Keep learning. More education leads to a more active mind in old age, and that means a longer, happier life. That doesn’t mean that you need to go to Harvard; you simply need to engage in lifelong, purposive learning. For example, that can mean reading serious nonfiction as part of a routine to learn more about new subjects.
Do the work to cultivate stable, long-term relationships now. For most people, this includes a steady marriage, but other relationships with family, friends, and partners can fit in this category as well. The point is to find people with whom you can grow, whom you can count on, no matter what comes your way.
The best way to maximize your chances of happiness in your 70s is to pursue all seven of these goals with fervor, sort of like balancing your 401(k). But if you can choose only one to pour your heart into, let it be the last. According to the Harvard study, the single most important trait of happy-well elders is healthy relationships. As Robert Waldinger, who currently directs the study, told me in an email, “Well-being can be built—and the best building blocks are good, warm relationships.”

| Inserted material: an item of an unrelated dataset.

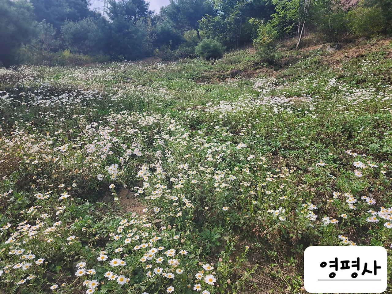 준이는 떠나고 구절초에 대한 아쉬움이 남아 장군산을 품고 있는 3만 평 정도의 꽃단지가 있는 영평사로 향했다. 이름 있는 구절초 군락지라 커다란 산사음악회까지 하는 절이다. 이미 축제에 온 사람들이 많아 차량을 통제하고 주차장에서 셔틀버스를 운영하고 있었다. 이곳의 구절초는 자생적으로 피어난 것이 아니라 영평사 주지스님(환성스님)의 구절초 사랑에서 비롯됐다. 산등성이에 피어난 구절초의 청아하고 순수한 모습에 반해 해를 거듭하며 심고 정성껏 가꾼 결과로 무성한 군락지를 이뤄 관광지가 된 곳이다.

The seven funds of happiness are all based on population averages, which means, as they say in the commercials, your results may differ. Maybe, for example, you just can’t quit smoking. You won’t necessarily be doomed to misery in your 70s, but you’ll be better off if you can bolster your happiness through one of your other investments—say, by finding meaning and community in your faith.
If you want to ascend to that upper branch of happiness, following the seven steps as best you can is the most reliable way to do so. Take an inventory of your habits and behaviors today, and see where you need to invest a little more time, energy, or money to start moving in the right direction.
Everyone loves a happy ending, especially in the story of their own life. Start writing that ending today.